Immunotherapy for Children with High-Risk Neuroblastoma

Research from the laboratory of Professor Paul Sondel, MD, PhD, has played a key role in an effective new treatment for high-risk neuroblastoma.
Research from the laboratory of Professor Paul Sondel, MD, PhD, has played a key role in an effective new treatment for high-risk neuroblastoma.

Research from the laboratory of Professor Paul Sondel, MD, PhD, has played a key role in the development and testing of an effective new treatment for some children with high-risk neuroblastoma.

Neuroblastoma is a cancer of the sympathetic nervous system most commonly found in children under the age of five. Nearly half of neuroblastoma cases are considered “high-risk,” meaning that the disease is likely to spread aggressively—and the child is likely to die—if only standard chemotherapy treatment is given.

Last year, Dr. Sondel and members of the Children’s Oncology Group led a National Institutes of Health-funded Phase III trial to test whether a new form of immunotherapy is more effective than standard therapy for these high-risk patients.

Immunotherapy Extends Survival by 20 Percent

In the trial, investigators randomly assigned 226 children who had finished all neuroblastoma chemotherapy treatments into two treatment groups:

  • The first group received the standard therapy of six cycles of isotretinoin.
  • The second group received the new immunotherapy treatment: six cycles of isotretinoin plus five cycles of the monoclonal antibody ch14.18, in combination with alternating GM-CSF and interleukin-2. (Both GM-CSF and interleukin-2 are white blood cell activators, which enables them to use the ch14.18 antibody to more effectively kill neuroblastoma cells.)

Study results after two years showed that the rate of survival—without relapse or disease progression— was 20 percent greater in the children who received immunotherapy (66% versus 46%).

This immunotherapy treatment has become the standard approach used by the Children’s Oncology Group, which cares for approximately 90% of children with cancer in the US and Canada.

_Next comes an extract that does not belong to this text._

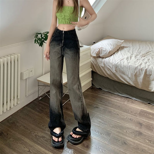 Waist Jeans High Washed Gradient Loose Fit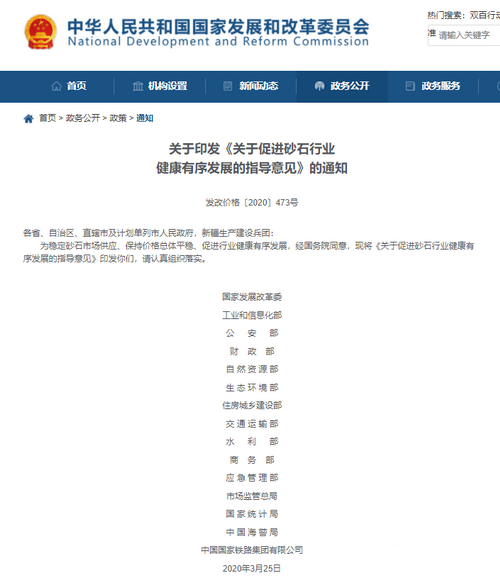 導讀:為穩(wěn)定砂石市場供應、保持價格總體平穩(wěn)、促進行業(yè)健康有序發(fā)展,經國務院同意,2020年3月25日,國家發(fā)改委等十五部門和單位聯合印發(fā)了《關于促進砂石行業(yè)健康有序發(fā)展的指導意見》。

The full study was published in the New England Journal of Medicine on September 30, 2010.

The Laboratory Connection

The immunotherapy treatment used in the trial is based in part on work from Dr. Sondel’s laboratory. For over 60 years, basic science researchers there have been evaluating immunological methods focused on improved cancer treatment. For approximately 30 years, some of this work has incorporated the use of tumor-reactive monoclonal antibodies for destroying cancers, including neuroblastoma.

Over 20 years ago, Dr. Sondel’s team showed that administering interleukin-2 to cancer patients can activate certain white blood cells (“natural killer” cells) to a state where they are able to more potently destroy neuroblastoma cells that had been treated with a tumor-specific monoclonal antibody.

“We are pleased that this immunotherapy regimen has now become the standard of care in the US for children with high-risk neuroblastoma,” Dr. Sondel said.

“We are now investigating the use of personalized medicine to identify individuals with certain genes that might make them most likely to benefit from this treatment,” he added. “In addition, through collaborative genetic engineering, we are testing an exciting next generation of this treatment, in which the interleukin-2 is linked directly to the monoclonal antibody. This genetically engineered agent works far better in mice than the prior combination, and our initial clinical testing has generated promising results.”